# Anybody ever work on Rectiformer #14 or #16?



## llskis (Apr 11, 2013)

Have a few extra Rectiformers #16 that need a little help. Throttle on them are very
hard to turn. Has anybody ever worked on these? Will some of the A/F Transformer parts
work with the Rectiformers? Parts for the Rectiformers are very rare to see advertised.
I suspect this thread will go nowhere for help or response on this forum. Larry:stroke:
Picture on one is below.


----------



## flyernut (Oct 31, 2010)

Sorry Larry, all my stuff is AC.. Nuttin but flyer, I believe, has a DC Northern.. PM him or wait for an answer here.. Sorry.


----------



## Kwikster (Feb 22, 2012)

If you can get the cover off and get to the guts, I'd put a drop or two of motor oil on the pivot points. It's like just very dry so it should help out. 

Carl


----------



## Nuttin But Flyer (Dec 19, 2011)

I do have a 334DC but I have the #15 rectifier for it. And at this time, she's in the engine shop awaiting servicing. As far as rectiformers, never had one, sorry.


----------



## Aflyer (Nov 10, 2010)

Larry, 
I have a # 15 rectifier, but have never used. I bought in case I came across a nice DC locomotive that I couldn't live without.
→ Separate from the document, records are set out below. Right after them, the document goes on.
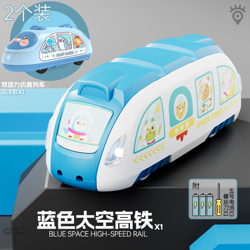 - 【蓝色+电池+蓝色回力高铁】电动感应高铁(感应避障+灯光音乐)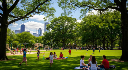 Vibrant green parks provide refreshing urban escapes for relaxation and leisure activities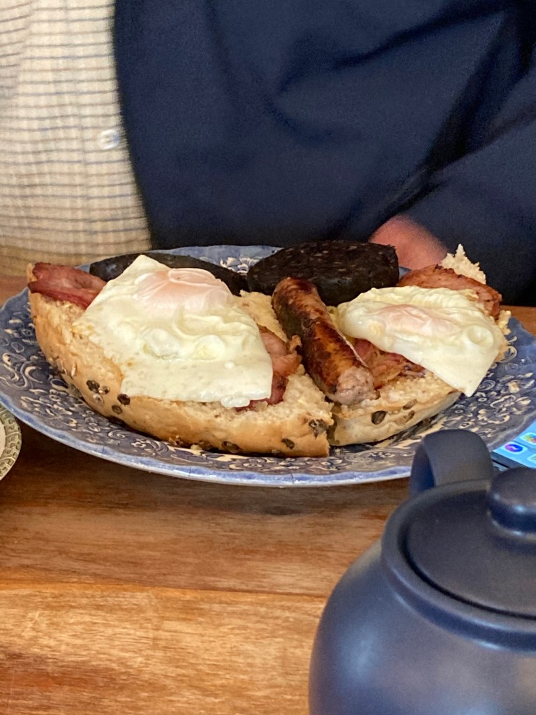 K had the all day breakfast stotty: bacon, sausage, 2 fried eggs and black pudding served in a stotty cake (that’s our regional speciality bread – a large flat bread roll). He really enjoyed it…

Looking at it, it looks the one on the left in your photo. As far as I knew there was no control on it, you varied the Voltage with the AC transformer.

People will correct me if I am wrong.

Aflyer


----------



## Nuttin But Flyer (Dec 19, 2011)

Mine also looks like the one pictured LH side. Although I think the plates on mine are square rather than round. Been a while since it was out of its box....you do vary the voltage with the AC tranny. The rectifier only converts the juice to DC. But there is a directional switch on it to reverse polarity and run the engine in reverse.


----------